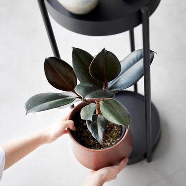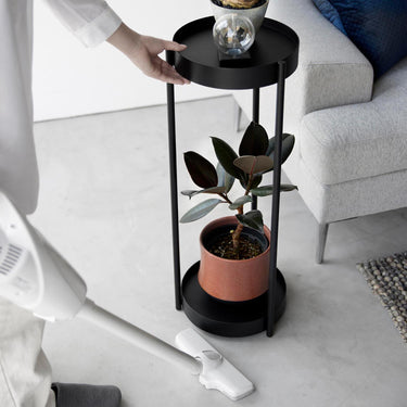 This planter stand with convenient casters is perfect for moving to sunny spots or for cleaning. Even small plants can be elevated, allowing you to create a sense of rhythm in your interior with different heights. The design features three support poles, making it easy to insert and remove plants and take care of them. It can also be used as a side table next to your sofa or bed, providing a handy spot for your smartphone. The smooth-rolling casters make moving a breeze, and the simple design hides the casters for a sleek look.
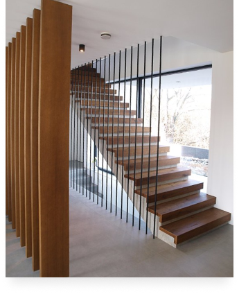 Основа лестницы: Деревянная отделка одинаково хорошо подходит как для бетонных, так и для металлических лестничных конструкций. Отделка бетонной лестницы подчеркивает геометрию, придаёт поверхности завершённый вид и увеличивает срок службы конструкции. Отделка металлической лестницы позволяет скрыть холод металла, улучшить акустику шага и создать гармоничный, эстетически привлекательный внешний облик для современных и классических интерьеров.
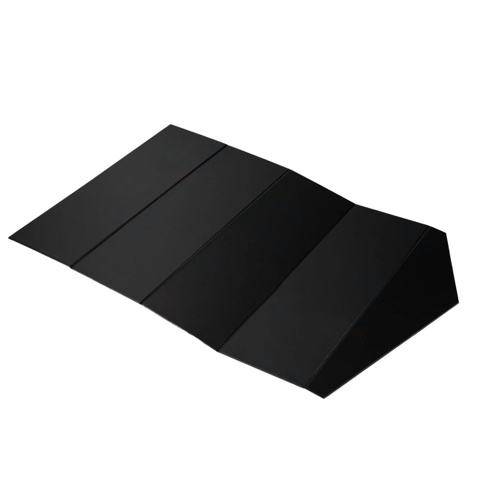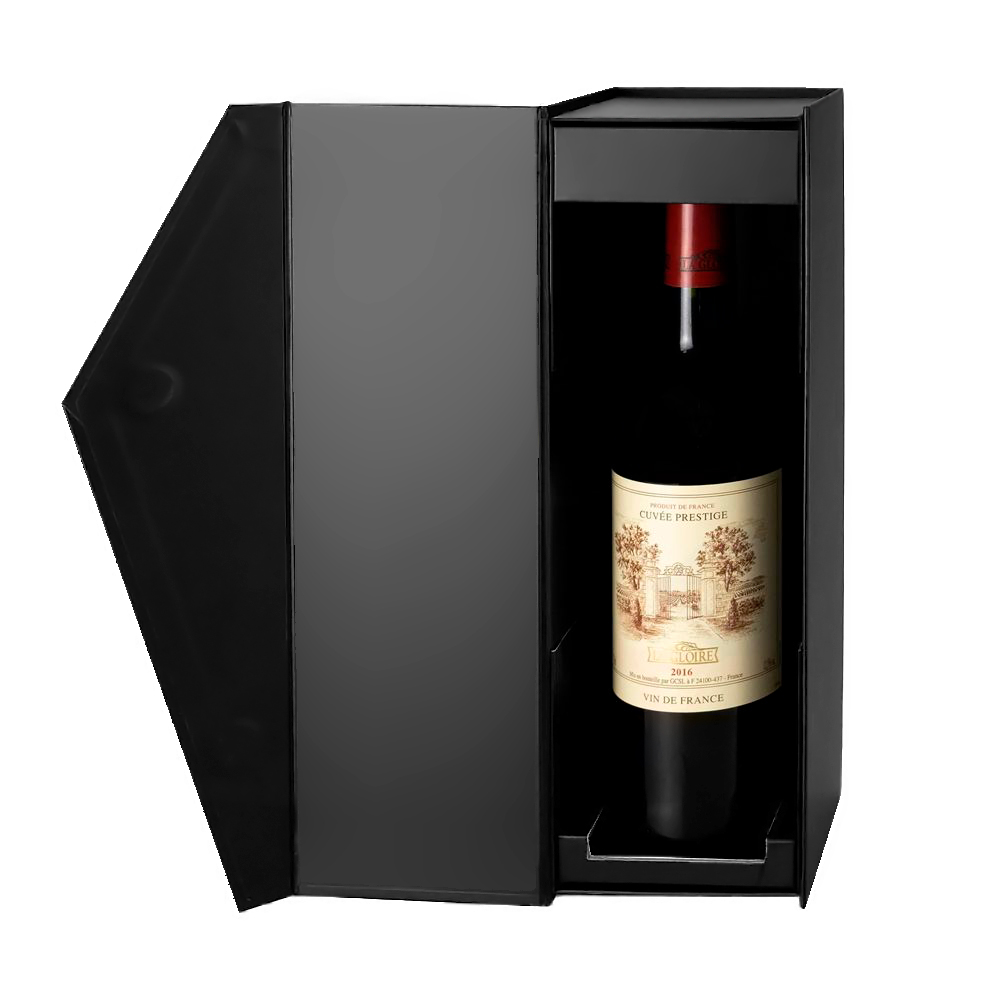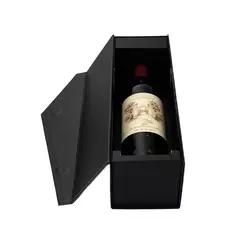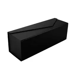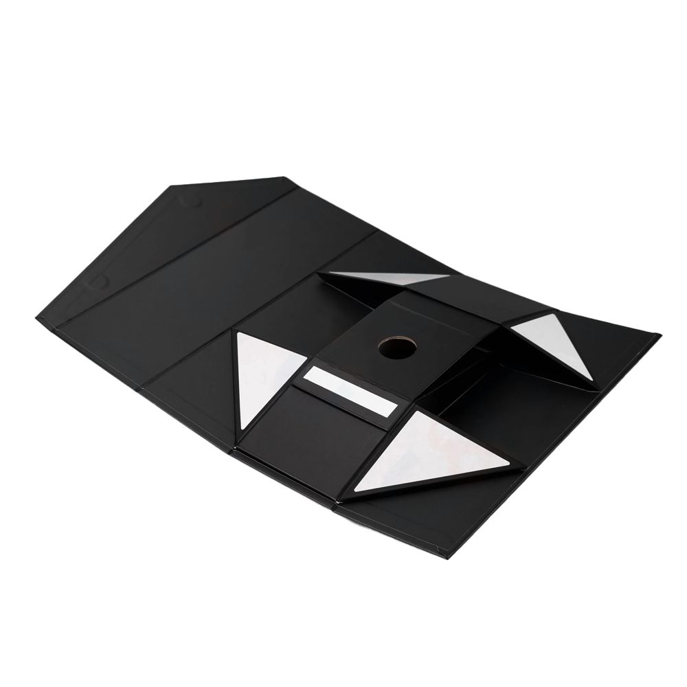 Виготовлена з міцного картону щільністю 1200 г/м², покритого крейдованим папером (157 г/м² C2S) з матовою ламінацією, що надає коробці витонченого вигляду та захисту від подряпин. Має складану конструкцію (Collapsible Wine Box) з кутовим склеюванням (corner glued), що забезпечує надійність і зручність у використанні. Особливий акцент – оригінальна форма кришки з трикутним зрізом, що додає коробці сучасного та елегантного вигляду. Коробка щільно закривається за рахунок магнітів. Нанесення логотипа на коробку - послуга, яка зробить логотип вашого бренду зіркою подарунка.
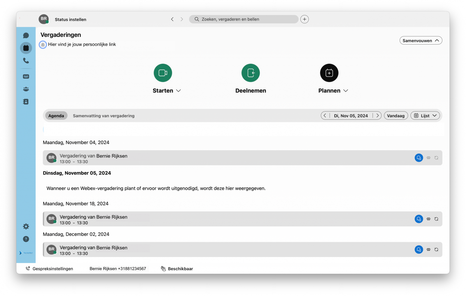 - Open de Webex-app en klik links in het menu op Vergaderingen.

....

- **Task requirements**: Please return only the lines from the top of the data through the line with "Основа лестницы: Деревянная", exactly as written, and drop every picture.

- **Exercise output**:
 This planter stand with convenient casters is perfect for moving to sunny spots or for cleaning. Even small plants can be elevated, allowing you to create a sense of rhythm in your interior with different heights. The design features three support poles, making it easy to insert and remove plants and take care of them. It can also be used as a side table next to your sofa or bed, providing a handy spot for your smartphone. The smooth-rolling casters make moving a breeze, and the simple design hides the casters for a sleek look.
 Основа лестницы: Деревянная отделка одинаково хорошо подходит как для бетонных, так и для металлических лестничных конструкций. Отделка бетонной лестницы подчеркивает геометрию, придаёт поверхности завершённый вид и увеличивает срок службы конструкции. Отделка металлической лестницы позволяет скрыть холод металла, улучшить акустику шага и создать гармоничный, эстетически привлекательный внешний облик для современных и классических интерьеров.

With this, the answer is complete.